# Simple algorithm to select separated points in closed intervals

Within the internal logic of a feature I'm working on, I've run into a need for a solution to essentially this problem:

$$S$$ is a finite union of $$K \geq 1$$ closed intervals,

$$S = [a_1,b_1] \cup \cdots \cup [a_K,b_K].$$

Select $$N \geq 2$$ points $$x_i \in S$$, maximizing the smallest difference between any pair of points:

$$\Delta = \min_{i \neq j} |x_i-x_j|.$$

In my case, the intervals are already disjoint and sorted ($$a_1 \leq b_1 < a_2 \leq b_2 < \ldots < a_K \leq b_K$$), and solutions are only needed for "small" cases: $$K$$ and $$N$$ will both typically be 10 or smaller, and $$K+N$$ can never be more than 30. Since the numbers are small, it's more important to have a simple and maintainable solution than one with the best possible asymptotic computational complexity, though it's probably good to avoid an exponential- or factorial-time solution if reasonable.

What is a straightforward and effective algorithm for this problem, given these limits on the interval and point counts?

I did notice this existing question about the same problem, but it's asking about asymptotic complexity and about the effects of having overlapping intervals vs. intervals already normalized to disjoint ones. (Also, it currently has no answers.) Since it mentions linear programming, distance constraints, and Bellman-Ford, I looked into those on Wikipedia. But not being very familiar with those topics, I didn't really see how the problem translates into a graph path optimization problem. And I suspect implementing this sort of algorithm might be more complicated than I really need in my case.

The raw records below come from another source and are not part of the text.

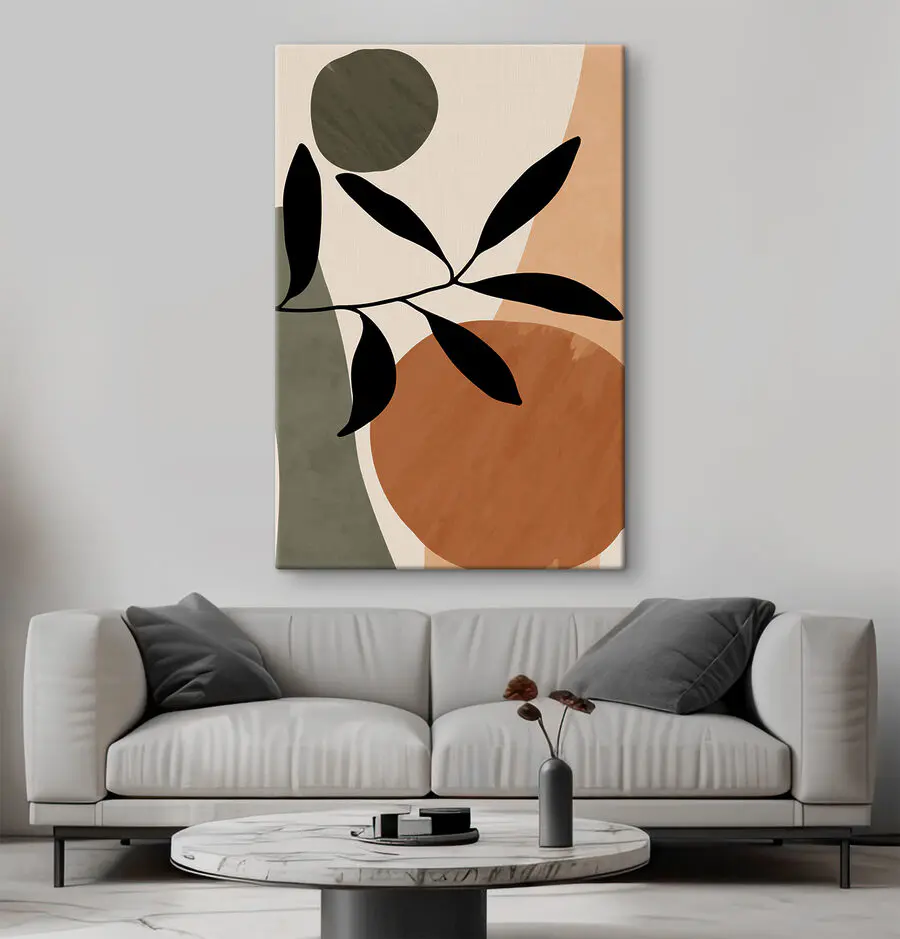 Obraz Czarny liść na gałęzi z kółkami i okręgami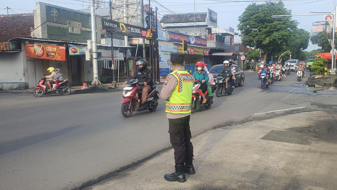 Pos Pagi, Petugas Polsek Sukorejo Atur Lalu Lintas untuk Cegah Kemacetan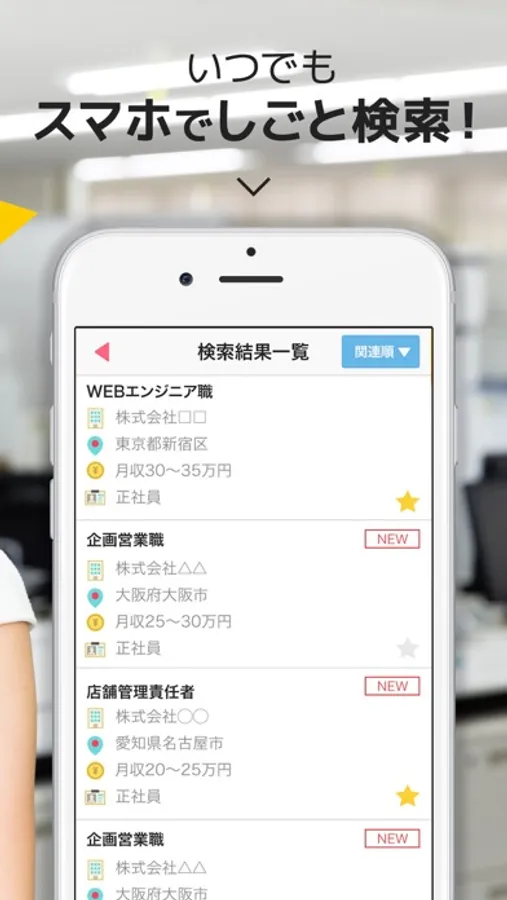 *本アプリの使用にはインターネットに接続されている必要があります。オフライン状態で求人情報の検索および閲覧は行えません。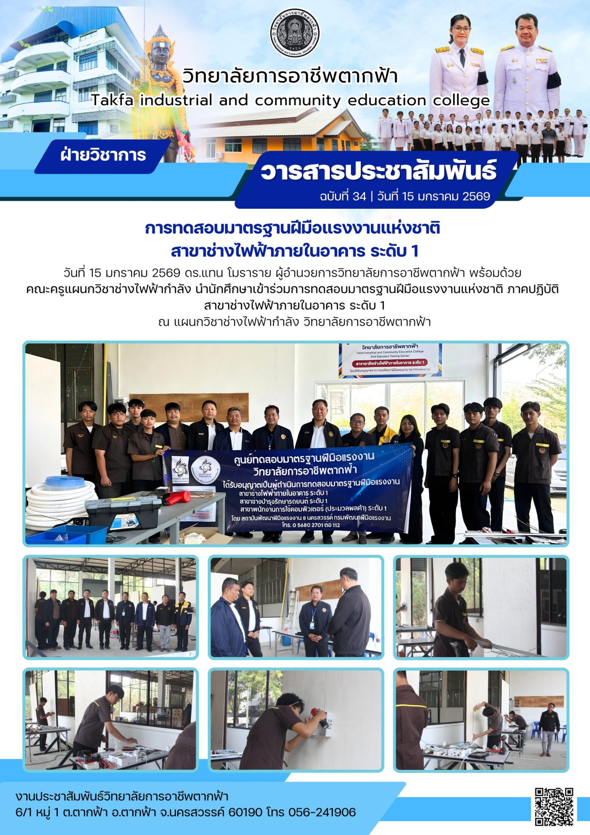 วันที่ 15 มกราคม 2569 ดร.แทน โมราราย ผู้อำนวยการวิทยาลัยการอาชีพตากฟ้า พร้อมด้วย คณะครูแผนกวิชาช่างไฟฟ้ากำลัง นำนักศึกษาเข้าร่วมการทดสอบมาตรฐานฝีมือแรงงานแห่งชาติ ภาคปฏิบัติ สาขาช่างไฟฟ้าภายในอาคาร ระดับ 1 ณ แผนกวิชาช่างไฟฟ้ากำลัง วิทยาลัยการอาชีพตากฟ้า

I have worked out how to reduce the problem from selecting real/rational values to selecting natural number parameters: If $$C_i$$ of the points are to be chosen from interval $$[a_i,b_i]$$, then

$$\sum_{i=1}^K C_i = N \\ \Delta = \min_{1 \leq i \leq j \leq K} \frac{b_j-a_i}{-1+\sum_{\ell=i}^j C_\ell},$$

ignoring the terms with denominator $$0$$ or $$-1$$. And the point coordinates of a valid solution can be determined from knowing which of the $${K\choose 2}$$ fractions in this $$\Delta$$ expression are exactly equal to $$\Delta$$.

So the dumbest brute force approach would be to find $$\Delta$$ for each of the $${{K+N-1}\choose{N}}$$ possible partitions of $$N$$ into $$K$$ ordered buckets. One obvious improvement: $$a_1$$ and $$b_K$$ can always be two of the selected points. But that's probably way too many possibilities even with $$N$$ and $$K$$ just around 10.

It seems like some sort of "divide and conquer" strategy might be helpful, with splitting the sequence of intervals into two parts, deciding how many points in total to assign to each part, and solving those two subproblems, probably iteratively. But I haven't entirely determined the conditions that would make those subproblems produce valid answers to the larger problem.

First note that in any optimal solution we can always have $$x_1 = a_1$$ as we wish to maximize distances, and $$x_1 = a_1$$ unconditionally does that without sacrificing distance anywhere.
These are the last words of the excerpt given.